• _LISTED RECORDS_:
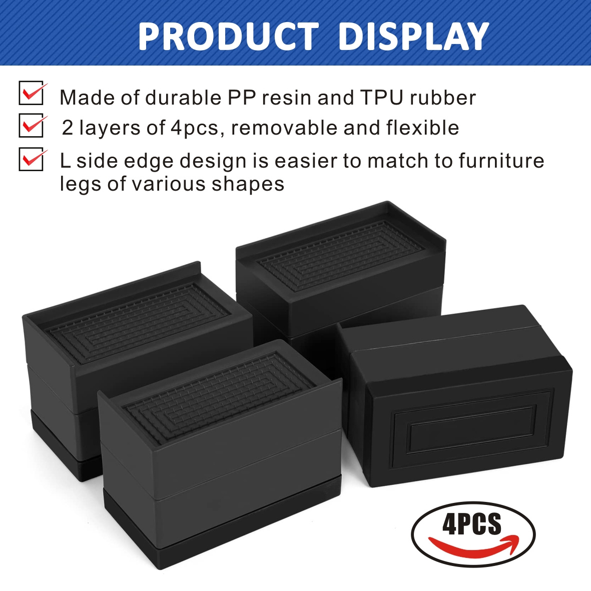 TEMU Heavy Duty Bed Risers Set Of 4 - 6 Inch Lift Supports 6000 Lbs For Sofa, Table, Chair Legs - Wide Furniture Elevators With L Side Design For Easy Placement - Easy
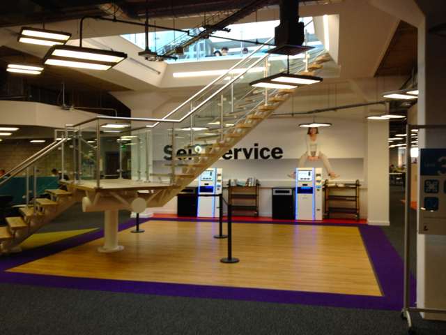 This is the new helpdesk which is to the side as opposed to the dominant location where the staircase now sits
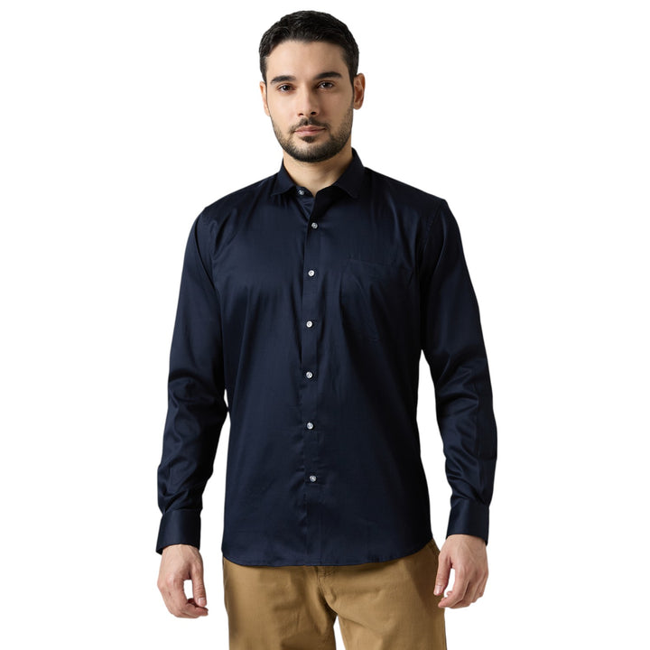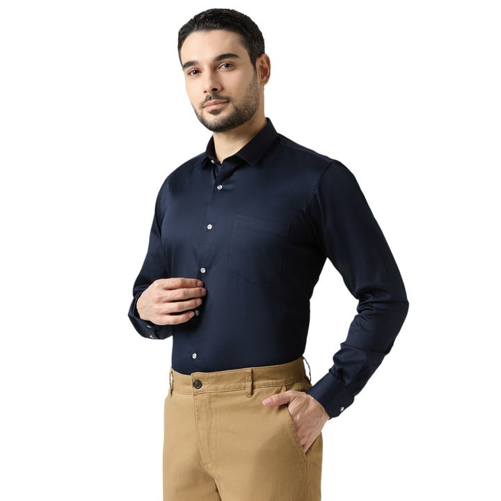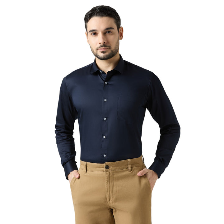 Designed in a slim fit cut, with full sleeves, a classic collar, and a smart chest pocket, this shirt combines modern elegance with everyday practicality. Its soft navy eclipse tone makes it perfect for office wear, business meetings, parties, and formal occasions.
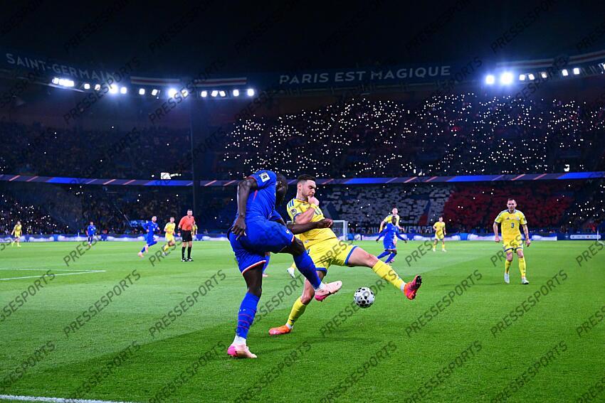 upamecano (dayot) hutsuliak (oleksii) FOOT ELIMINATOIRES COUPE DU MONDE 2026 2025 FRANCE-UKRAINE PARC DES PRINCES PARIS FRANCE 13/11/2025 FAUGERE FRANCK Lumieres des telephones portables à la 13e minute de jeu en hommage aux victimes des attentats du 13 novembre 2015 " paris est magique "
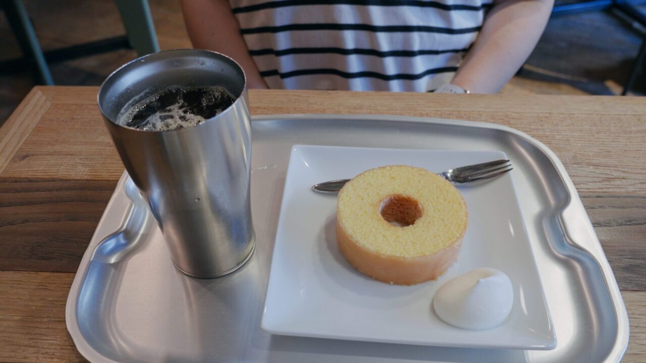 セットで提供される焼きたてのバームクーヘンは、温かく、しっとりとした食感が際立っていました。
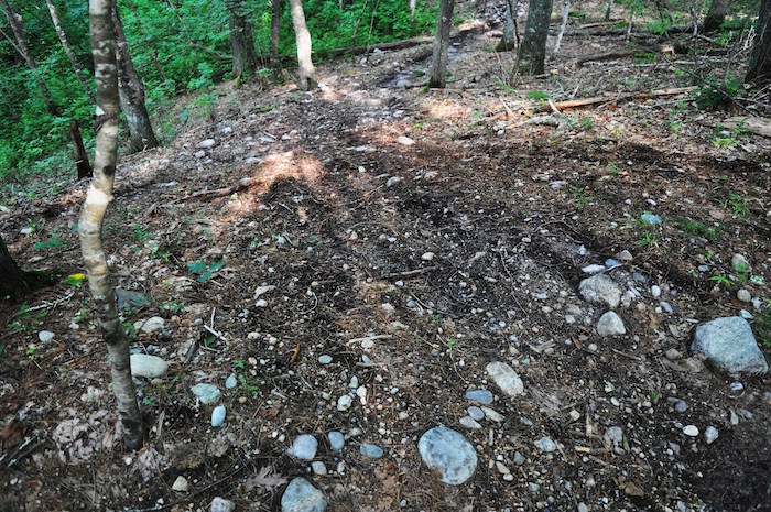 Once the topsoil is lost to erosion the motorized users are riding on Mother Nature's bones. The eroded material soon damages lower wetlands, vernal pools and water courses. Freetown Con Com should be outraged. On the Southeastern Massachusetts Bioreserve Trail Map and Guide park next to the gate, not in front of it, at the intersection of Bell Rock Road and Ledge Road. Follow the purple legal dirt bike trail and illegal trails in that area between Bell Rock Road, Copicut Road, Route 24 and to the south the Freetown/Fall River boundary line.

• _WHAT THE TASK ASKS_:
Starting at the line that holds "Designed in a", copy each line exactly through the end of the listing, both ends included. Leave the pictures out.

• _EXERCISE RESULT_:
 Designed in a slim fit cut, with full sleeves, a classic collar, and a smart chest pocket, this shirt combines modern elegance with everyday practicality. Its soft navy eclipse tone makes it perfect for office wear, business meetings, parties, and formal occasions.
 upamecano (dayot) hutsuliak (oleksii) FOOT ELIMINATOIRES COUPE DU MONDE 2026 2025 FRANCE-UKRAINE PARC DES PRINCES PARIS FRANCE 13/11/2025 FAUGERE FRANCK Lumieres des telephones portables à la 13e minute de jeu en hommage aux victimes des attentats du 13 novembre 2015 " paris est magique "
 セットで提供される焼きたてのバームクーヘンは、温かく、しっとりとした食感が際立っていました。
 Once the topsoil is lost to erosion the motorized users are riding on Mother Nature's bones. The eroded material soon damages lower wetlands, vernal pools and water courses. Freetown Con Com should be outraged. On the Southeastern Massachusetts Bioreserve Trail Map and Guide park next to the gate, not in front of it, at the intersection of Bell Rock Road and Ledge Road. Follow the purple legal dirt bike trail and illegal trails in that area between Bell Rock Road, Copicut Road, Route 24 and to the south the Freetown/Fall River boundary line.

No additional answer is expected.